但是google的做法并不是这样,google的思路是:同时fork N个进程,监听同一个socket fd,当收到消息的时候,只有一个进程会被唤醒,来处理这个消息。google利用了这样的一个机制,来进行进程池的处理。
流程
首先先来一个流程图来概览一下,本文基于Android Q。
简述一下就是:
- system_server 向 usap_pool_primary的socket发送信息。
- zygote fork了N个进程监听 usap_pool_primary的socket。
- 当usap_pool_primary收到消息后,唤醒其中一个来处理对应的操作。
system_server中的流程
我们都知道,Android中的进程启动其实都是activity或者是service,或者是contentprovider,入口都是在ProcessList中
// frameworks/base/services/core/java/com/android/server/am/ProcessList.java
private Process.ProcessStartResult startProcess(HostingRecord hostingRecord, String entryPoint,
ProcessRecord app, int uid, int[] gids, int runtimeFlags, int zygotePolicyFlags,
int mountExternal, String seInfo, String requiredAbi, String instructionSet,
String invokeWith, long startTime) {
...
final Process.ProcessStartResult startResult;
if (hostingRecord.usesWebviewZygote()) { // 如果是使用的webview,那么就通过这个方式
startResult = startWebView(entryPoint,
app.processName, uid, uid, gids, runtimeFlags, mountExternal,
app.info.targetSdkVersion, seInfo, requiredAbi, instructionSet,
app.info.dataDir, null, app.info.packageName, app.mDisabledCompatChanges,
new String[]{PROC_START_SEQ_IDENT + app.startSeq});
} else if (hostingRecord.usesAppZygote()) { // 如果会使用 app_zygote的流程
final AppZygote appZygote = createAppZygoteForProcessIfNeeded(app);
startResult = appZygote.getProcess().start(entryPoint,
app.processName, uid, uid, gids, runtimeFlags, mountExternal,
app.info.targetSdkVersion, seInfo, requiredAbi, instructionSet,
app.info.dataDir, null, app.info.packageName,
/*zygotePolicyFlags=*/ ZYGOTE_POLICY_FLAG_EMPTY, isTopApp,
app.mDisabledCompatChanges,
new String[]{PROC_START_SEQ_IDENT + app.startSeq});
} else { // 我们正常的应用启动,服务启动流程
startResult = Process.start(entryPoint,
app.processName, uid, uid, gids, runtimeFlags, mountExternal,
app.info.targetSdkVersion, seInfo, requiredAbi, instructionSet,
app.info.dataDir, invokeWith, app.info.packageName, zygotePolicyFlags,
isTopApp, app.mDisabledCompatChanges,
new String[]{PROC_START_SEQ_IDENT + app.startSeq});
}
checkSlow(startTime, "startProcess: returned from zygote!");
return startResult;
}
在ProcessList中进行start操作的区分,区分webview和app_zygote(这也是一个历史的问题,我们可以后面讲到)。
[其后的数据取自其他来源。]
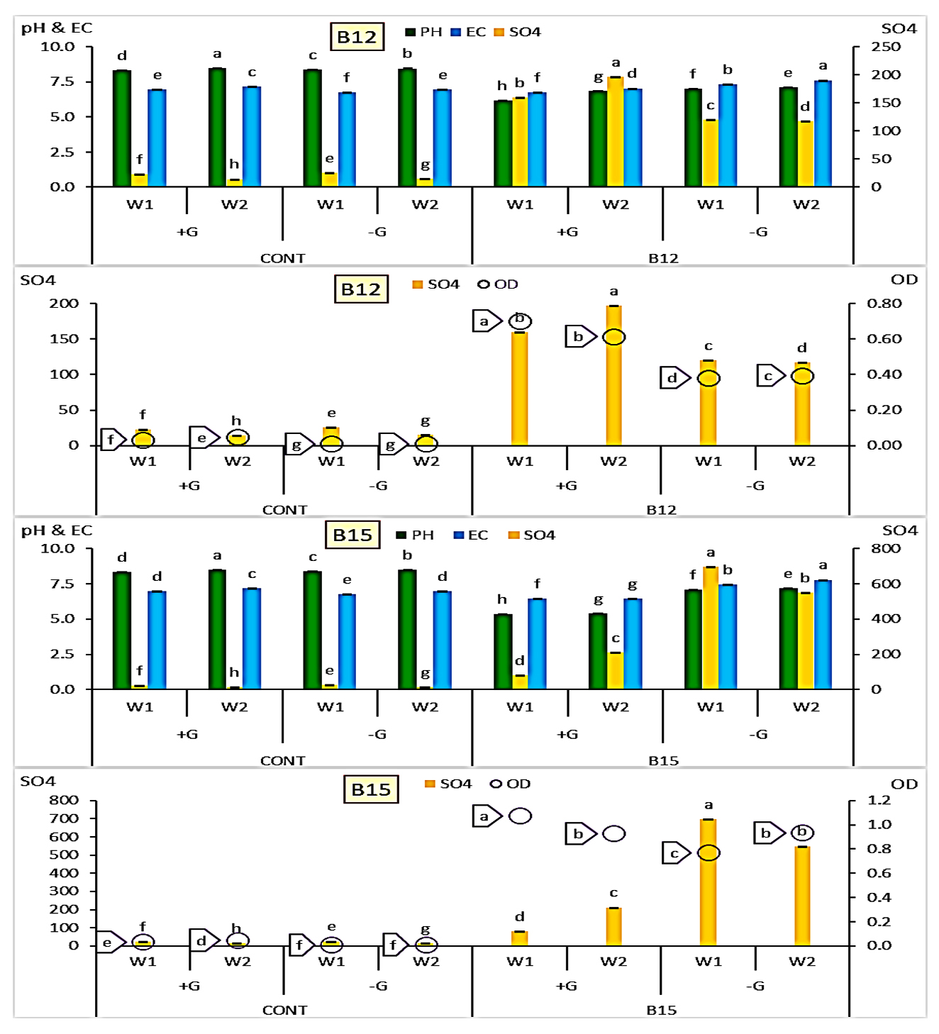 Figure 6. B12 and B15 grown with (+G)/without (-G) glucose amendment achieving sulfur oxidation after 1 and 2 weeks with recorded variations in final pH, EC and OD values compared to control individually. [LSD values for pH, EC, SO4 and OD were 0.0208, 0.0138, 0.0140 and 0.0055 under B12, while were 0.0194, 0.0162, 0.0162 and 0.0126 under B15, respectively]
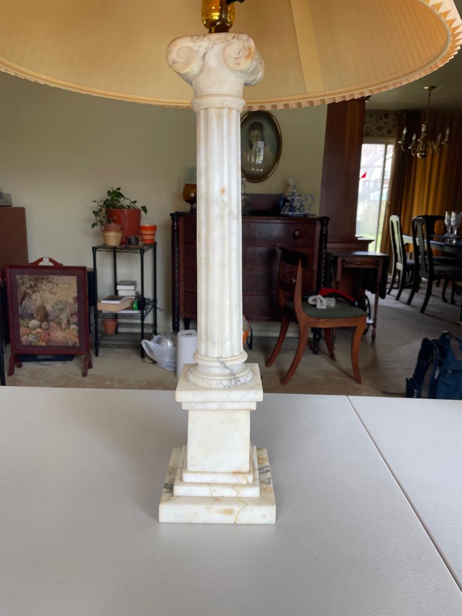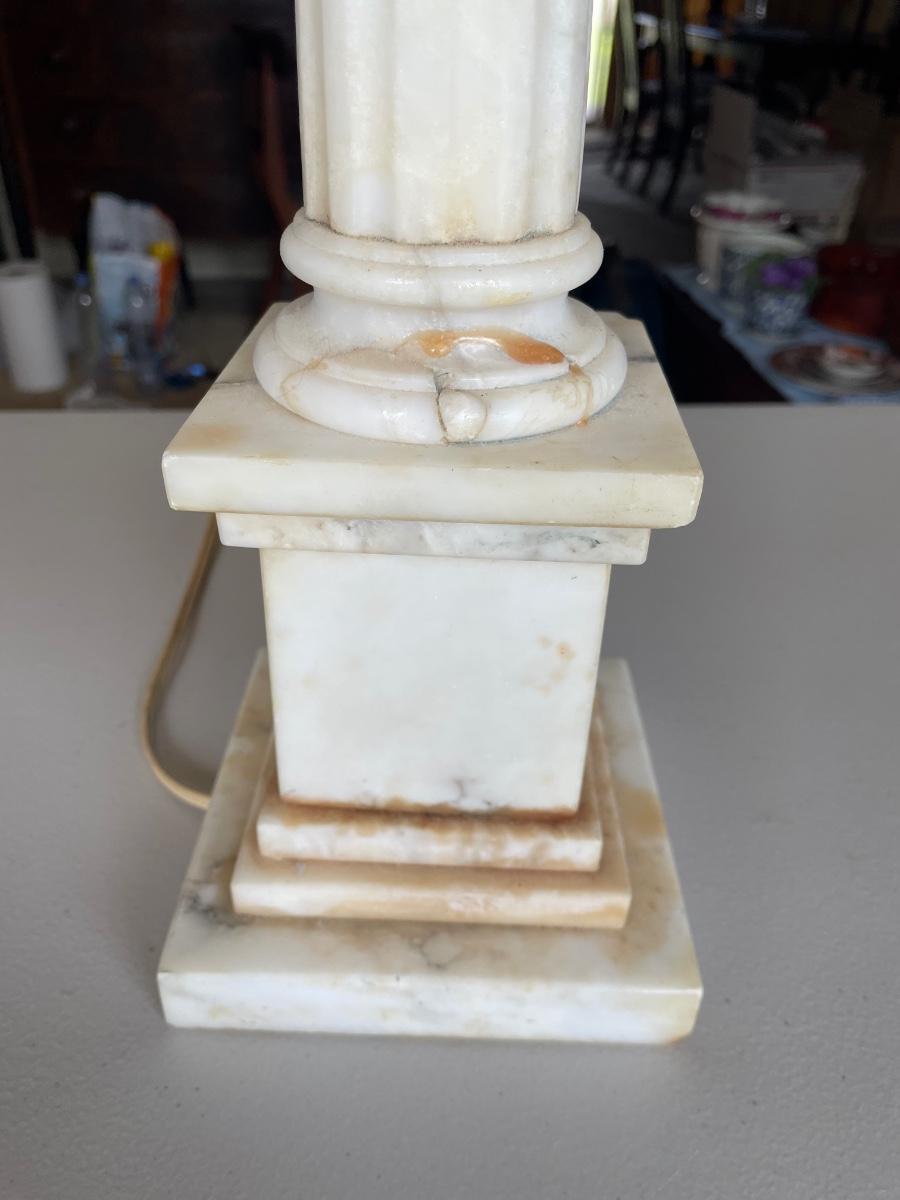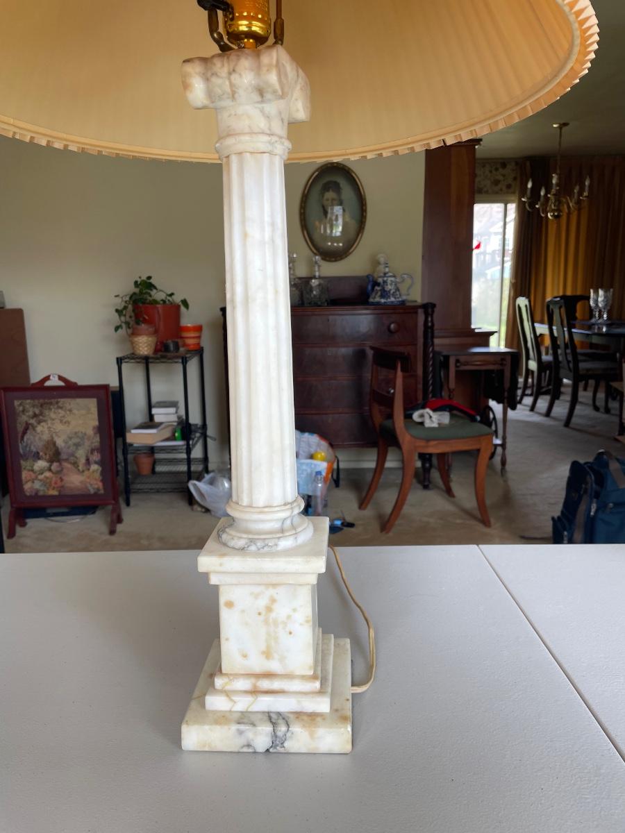 Heavy. One has a minor repair as seen in picture. Each lamp its self measures 5 x 5 x 20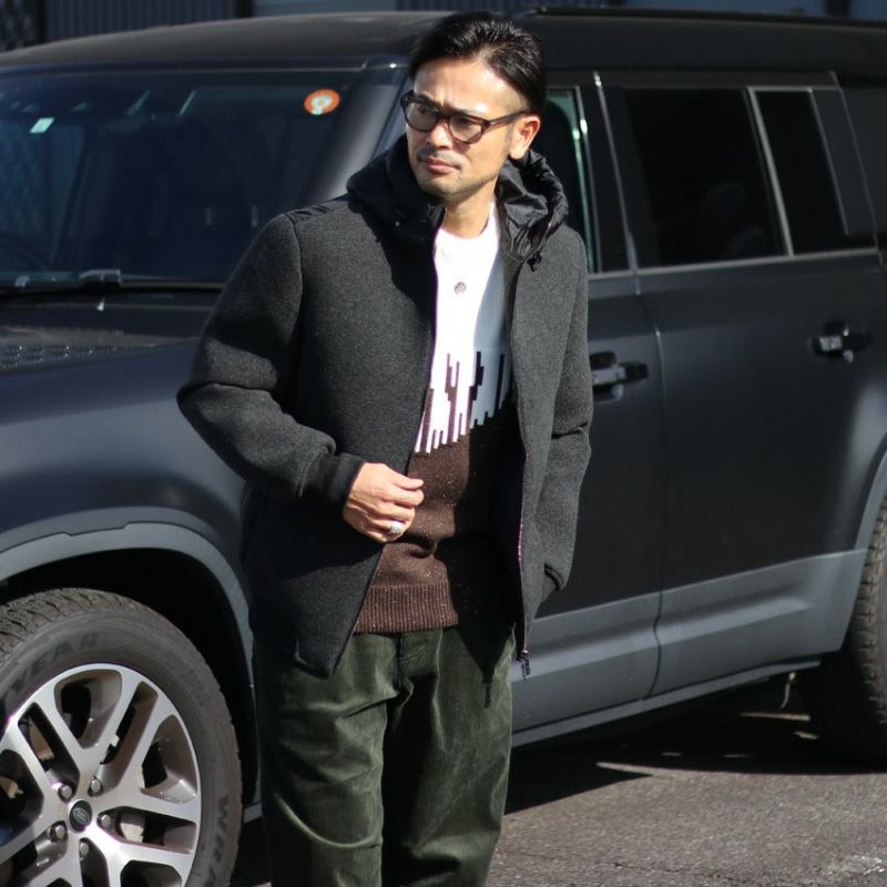 イタリアブランドSEINSEから、異素材コンビが魅力の中綿フードブルゾンが登場。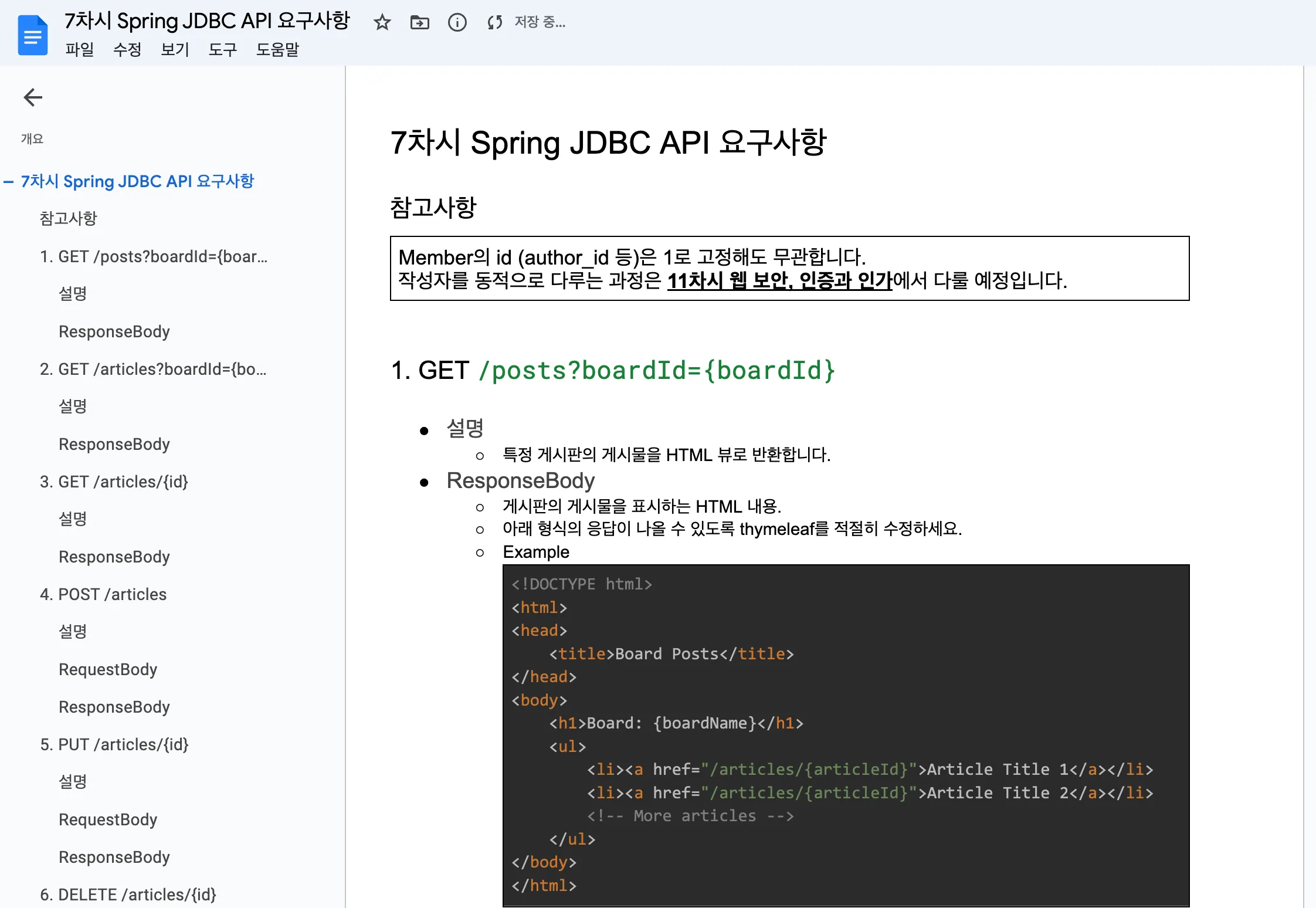 지난 주차에 요구사항을 다소 불친절하게 제공했던 것 같아 요구사항 문서를 별도로 구성해서 제공하기도 했다.

然后就是我们最熟悉的activity的启动过程。
// frameworks/base/core/java/android/os/Process.java
public static ProcessStartResult start(@NonNull final String processClass,
@Nullable final String niceName,
int uid, int gid, @Nullable int[] gids,
int runtimeFlags,
int mountExternal,
int targetSdkVersion,
@Nullable String seInfo,
@NonNull String abi,
@Nullable String instructionSet,
@Nullable String appDataDir,
@Nullable String invokeWith,
@Nullable String packageName,
int zygotePolicyFlags,
boolean isTopApp,
@Nullable long[] disabledCompatChanges,
@Nullable String[] zygoteArgs) {
return ZYGOTE_PROCESS.start(processClass, niceName, uid, gid, gids,
runtimeFlags, mountExternal, targetSdkVersion, seInfo,
abi, instructionSet, appDataDir, invokeWith, packageName,
zygotePolicyFlags, isTopApp, disabledCompatChanges, zygoteArgs);
}
注意此处了zygotePolicyFlags,这个地方就是是否要使用usappool的地方。默认在q上都是true。
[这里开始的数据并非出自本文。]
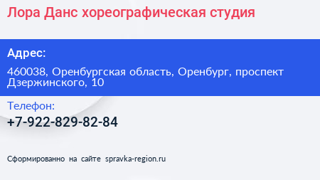 Лора-Данс, хореографическая студия по адресу 460038, Оренбургская область, Оренбург, проспект Дзержинского, 10 в дальнейшем Организация, размещена в следующих категориях: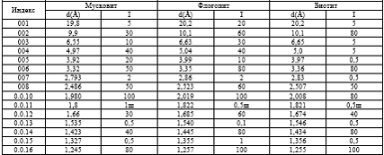 первого и третьего отражений слюды по данным Д.Д.Котельникова и А.И.Конюхова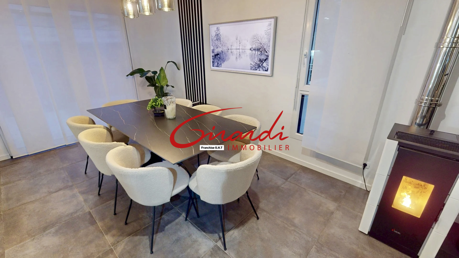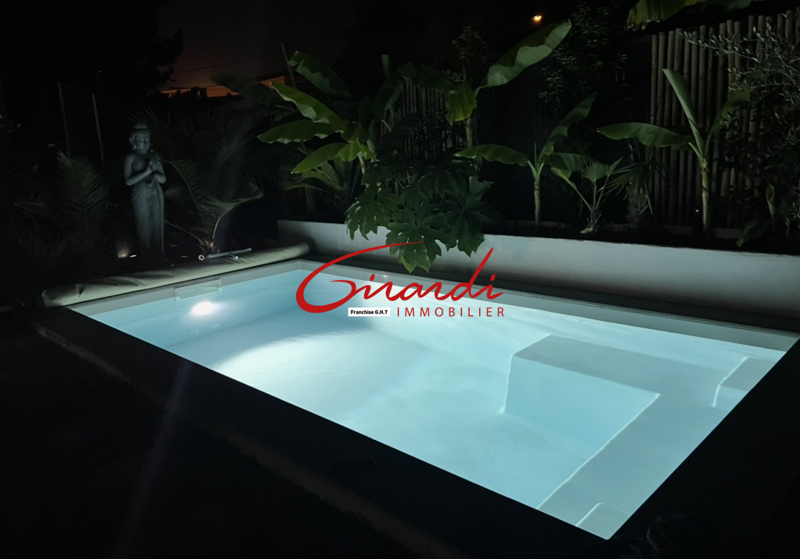 À l’extérieur, un espace clos et arboré accueille une piscine coque enterrée chauffée ainsi qu’une belle terrasse avec accès direct depuis le séjour.

// frameworks/base/core/java/android/os/ZygoteProcess.java
public final Process.ProcessStartResult start(@NonNull final String processClass,
final String niceName,
int uid, int gid, @Nullable int[] gids,
int runtimeFlags, int mountExternal,
int targetSdkVersion,
@Nullable String seInfo,
@NonNull String abi,
@Nullable String instructionSet,
@Nullable String appDataDir,
@Nullable String invokeWith,
@Nullable String packageName,
int zygotePolicyFlags,
boolean isTopApp,
@Nullable long[] disabledCompatChanges,
@Nullable String[] zygoteArgs) {
// TODO (chriswailes): Is there a better place to check this value?
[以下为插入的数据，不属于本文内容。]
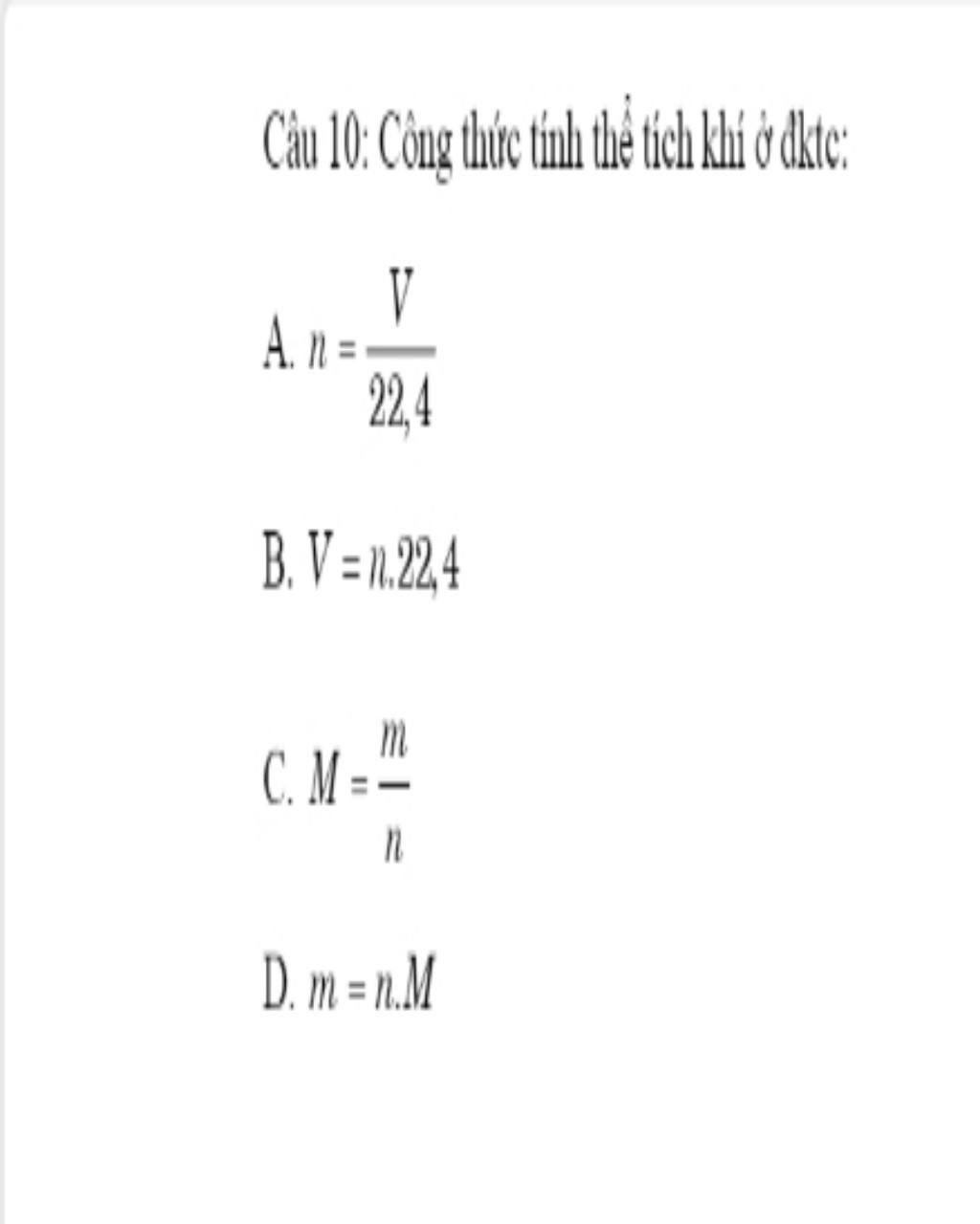 $\text{C ,D sai vì đây là công thức liên hệ giữa số mol , khối lượng và khối lượng mol}$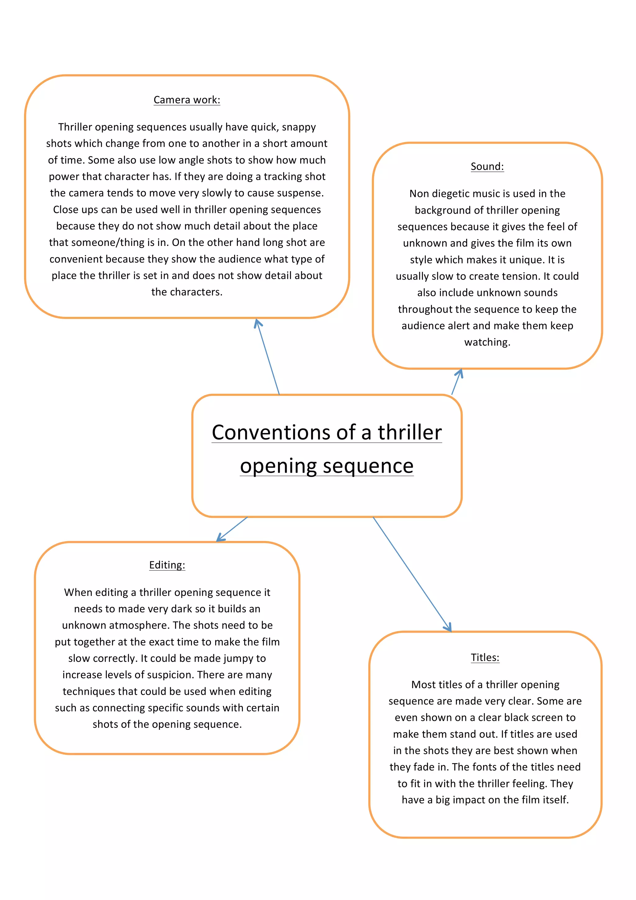Thriller opening sequences typically use quick cuts between shots, low camera angles, and slow tracking shots to build suspense. Non-diegetic music and unknown sounds in the background create tension and mystery. Editing is dark and jumpy to develop an unknown atmosphere and connect specific shots and sounds. Titles are clearly displayed against a black screen or faded into shots using fonts that suit the thriller genre.

if (fetchUsapPoolEnabledPropWithMinInterval()) { // 如果是支持线程池的话,那么需要通知zygote去创建线程
informZygotesOfUsapPoolStatus(); // 通知zygote去创建线程
}
try {
return startViaZygote(processClass, niceName, uid, gid, gids,
runtimeFlags, mountExternal, targetSdkVersion, seInfo,
abi, instructionSet, appDataDir, invokeWith, /*startChildZygote=*/ false,
packageName, zygotePolicyFlags, isTopApp, disabledCompatChanges, zygoteArgs);
} catch (ZygoteStartFailedEx ex) {
Log.e(LOG_TAG,
"Starting VM process through Zygote failed");
throw new RuntimeException(
"Starting VM process through Zygote failed", ex);
}
}
此处需要主要那个TODO, 如备注所讲,如果zygote能够支持线程池的话,需要通知zygote去创建线程池。那么问题就来了,那岂不是每次启动都需要去检查一次,那岂不是很耗费资源?所以确实是这样,如果是我们去设计,这块肯定会是需要做一个监听或者回调的,可以直接check这个值,而不是每次启动都需要去查询。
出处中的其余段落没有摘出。